[[ Dataset section, beginning ]]

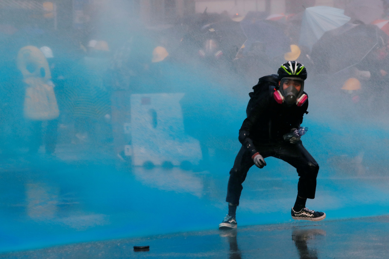 The police responded with water cannons spraying the demonstrators with bright blue-colored fluid. Such coloration facilitates the search to arrest them after they have dispersed.
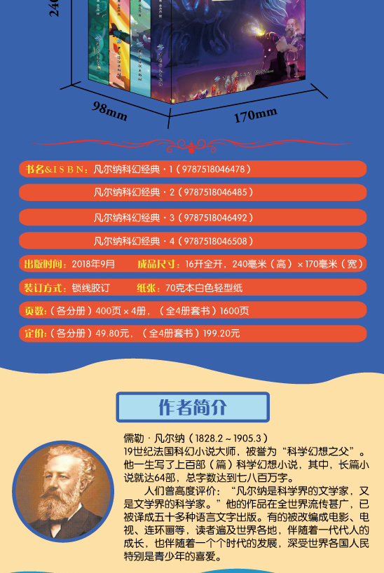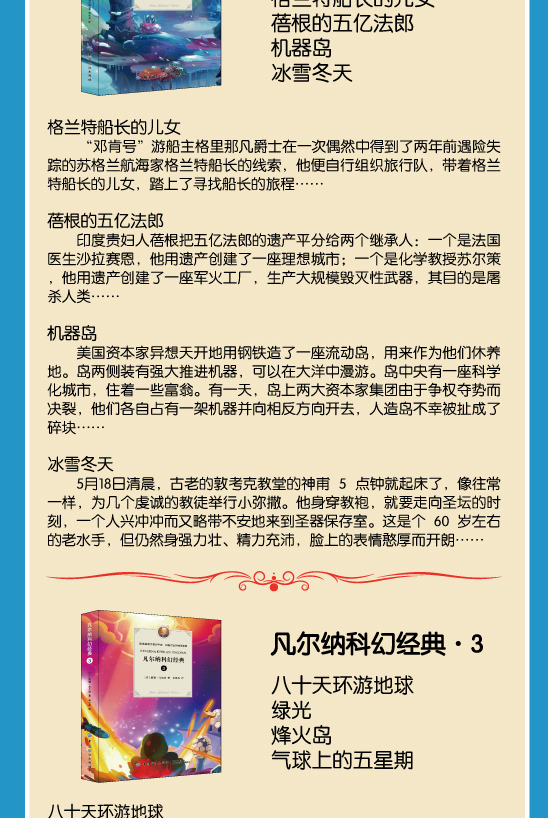 凡尔纳科幻经典 ·1儒勒凡尔纳科幻小说全集全套 格兰特船长的儿女+海底两万里+神秘岛+地心游记+八十天环游地球 儿童文学课外书籍
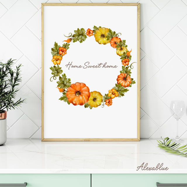 秋 ポスター / パンプキンリース / 秋インテリア / 北欧風 / おしゃれ ウォールアート / ハロウィン デコレーション / 玄関ポスター / リビングインテリア / 季節の模様替え / Thanksgiving decor
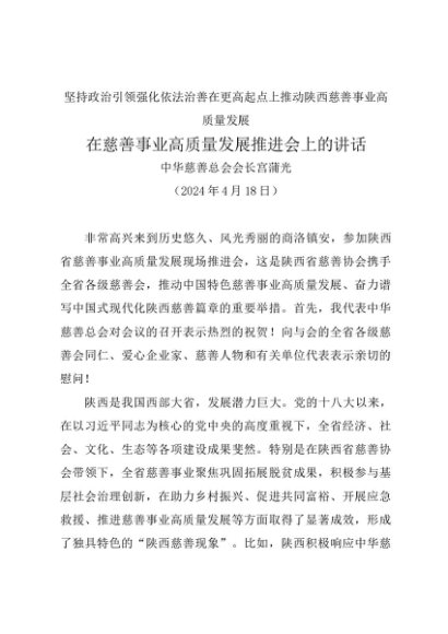/ 领导讲话:20240418在慈善事业高质量发展推进会上的讲话——中华慈善总会会长宫蒲光

[[ Dataset section, end ]]

Only the pictures may be dropped when you copy the data above; everything else stays exact.

 The police responded with water cannons spraying the demonstrators with bright blue-colored fluid. Such coloration facilitates the search to arrest them after they have dispersed.
 凡尔纳科幻经典 ·1儒勒凡尔纳科幻小说全集全套 格兰特船长的儿女+海底两万里+神秘岛+地心游记+八十天环游地球 儿童文学课外书籍
 秋 ポスター / パンプキンリース / 秋インテリア / 北欧風 / おしゃれ ウォールアート / ハロウィン デコレーション / 玄関ポスター / リビングインテリア / 季節の模様替え / Thanksgiving decor
/ 领导讲话:20240418在慈善事业高质量发展推进会上的讲话——中华慈善总会会长宫蒲光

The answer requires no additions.